**WORK ORDER:** Nothing but the lines from the one with "- Elastic band" through the end of the data should be set down, each exactly as written, and no picture should be included.

**SUPPLIED MATERIAL:**

# # # # # # #

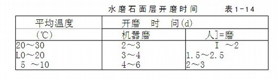 水磨石而层养护到开子不松动时即可开磨,开磨时间与温度有关,环境温度越高,开磨时间越短。扦磨时间可参考表1-14所列天数执行。
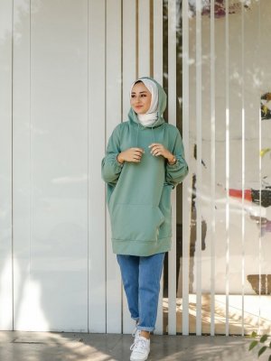 Elbica Mint Kapüşonlu Kanguru Cep Sweatshirt
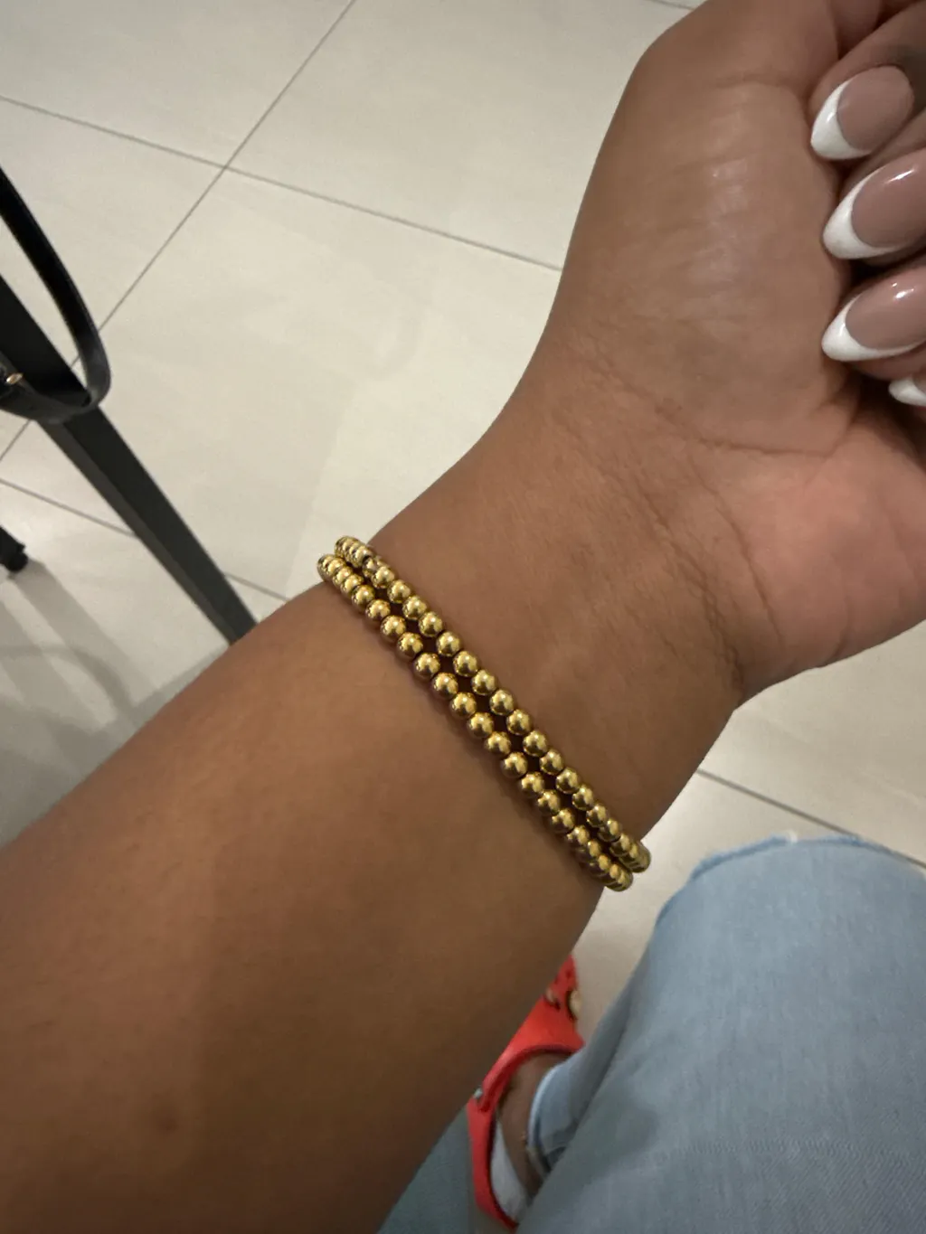 - Elastic band with 18k gold stainless steel balls attached.
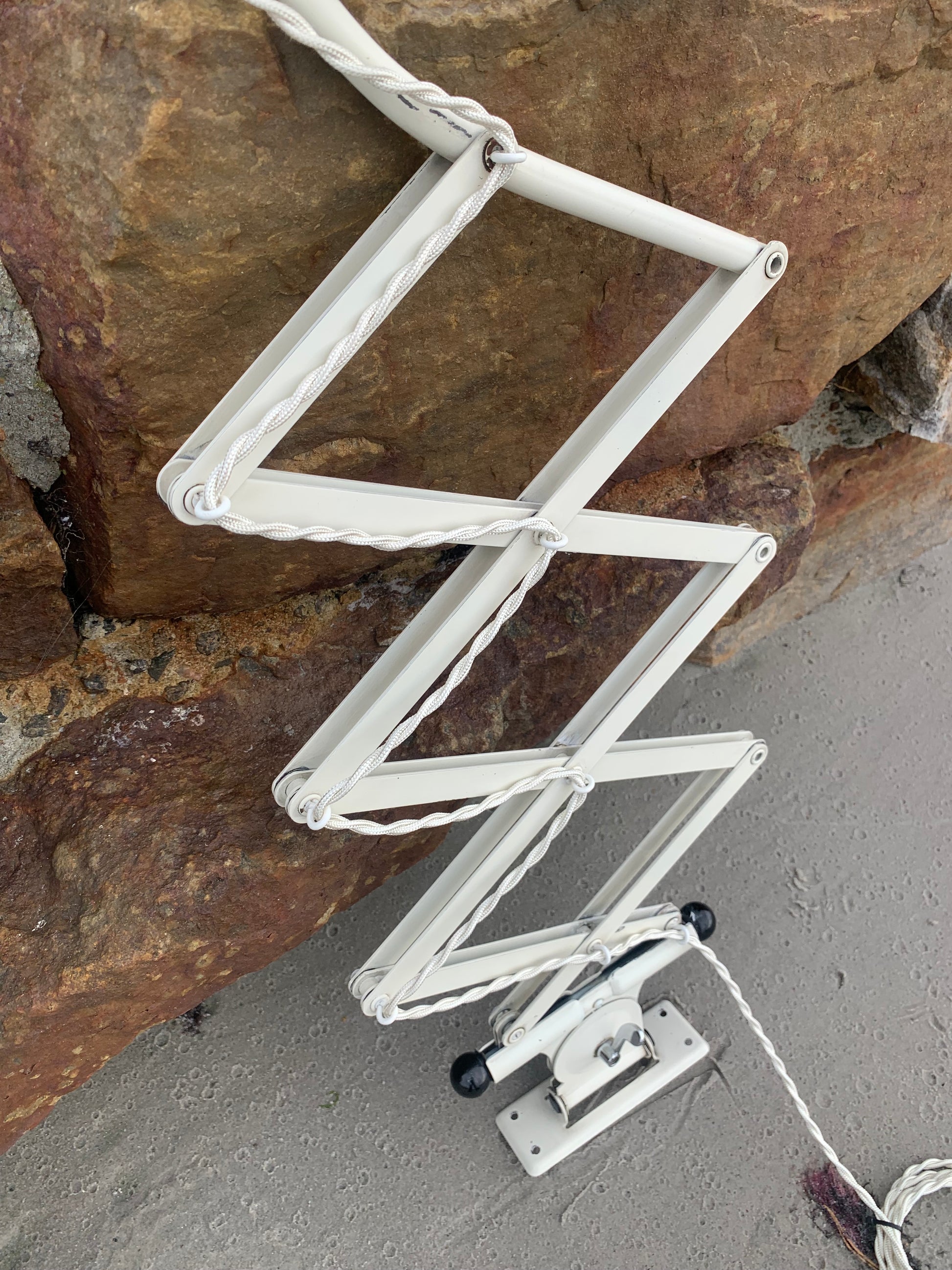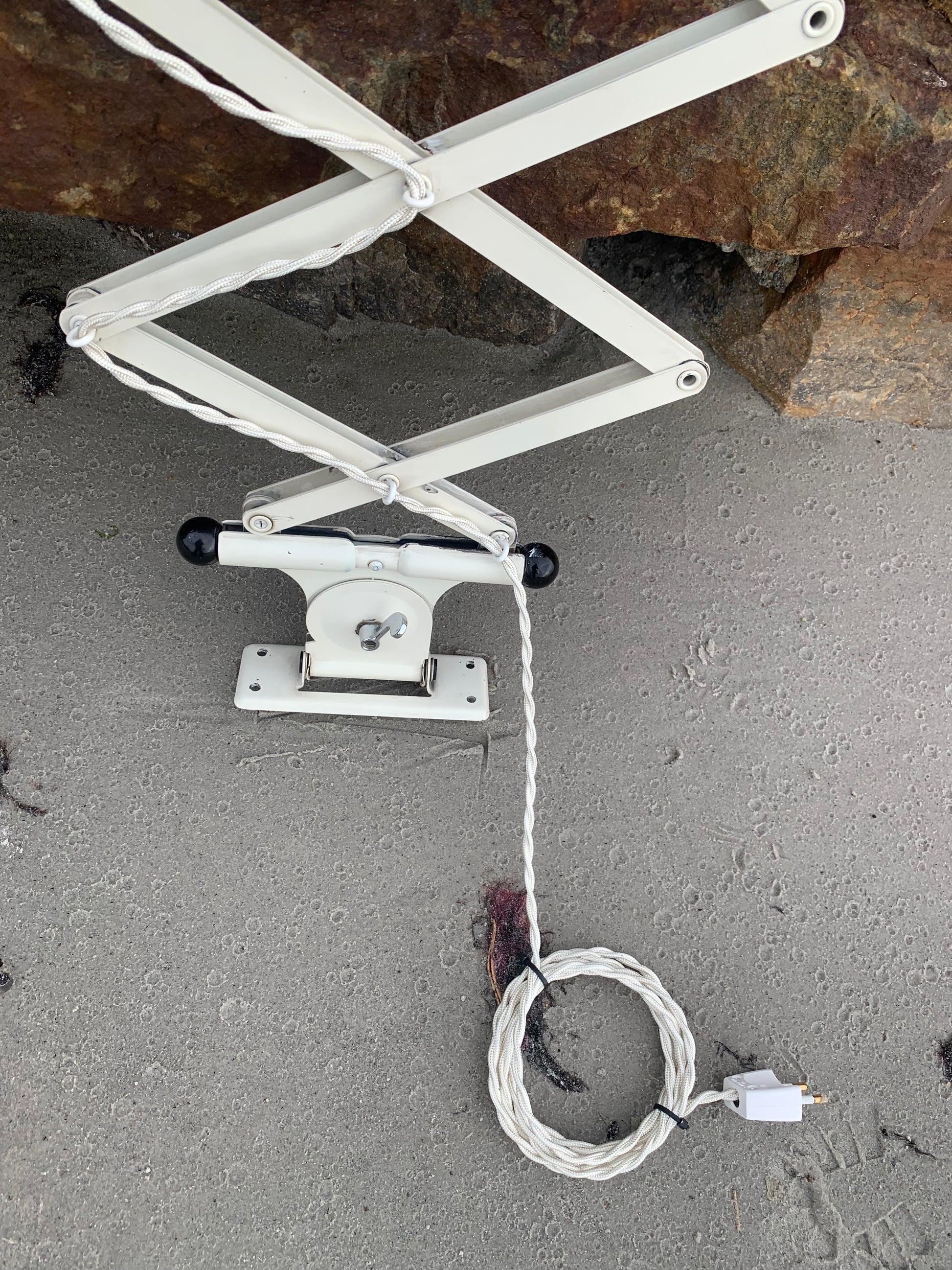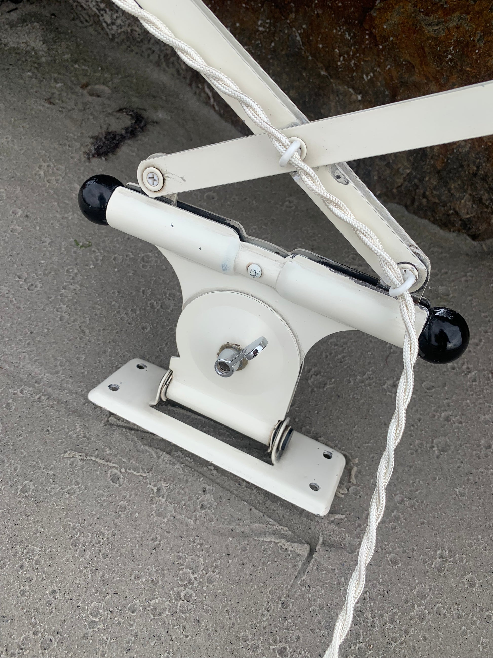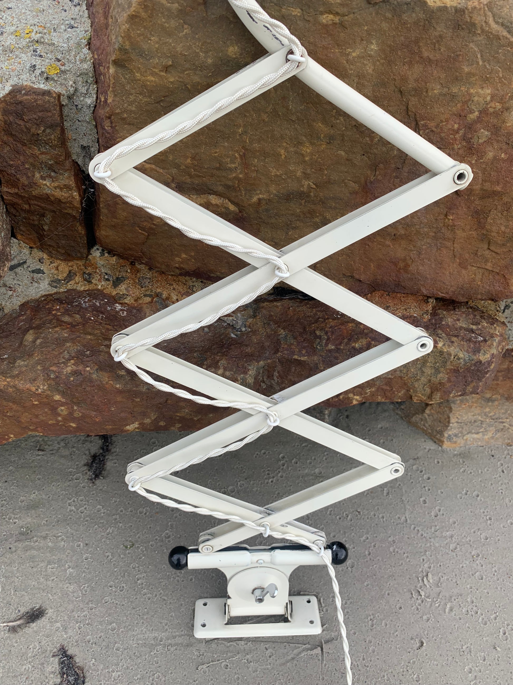 Dieses Exemplar verfügt über den Originallack und neue Kabel. Die Lampe weist altersbedingte Gebrauchsspuren auf, die eine solche Lampe (unserer Meinung nach) haben sollte.

# # # # # # #

**YOUR RESPONSE:**
 - Elastic band with 18k gold stainless steel balls attached.
 Dieses Exemplar verfügt über den Originallack und neue Kabel. Die Lampe weist altersbedingte Gebrauchsspuren auf, die eine solche Lampe (unserer Meinung nach) haben sollte.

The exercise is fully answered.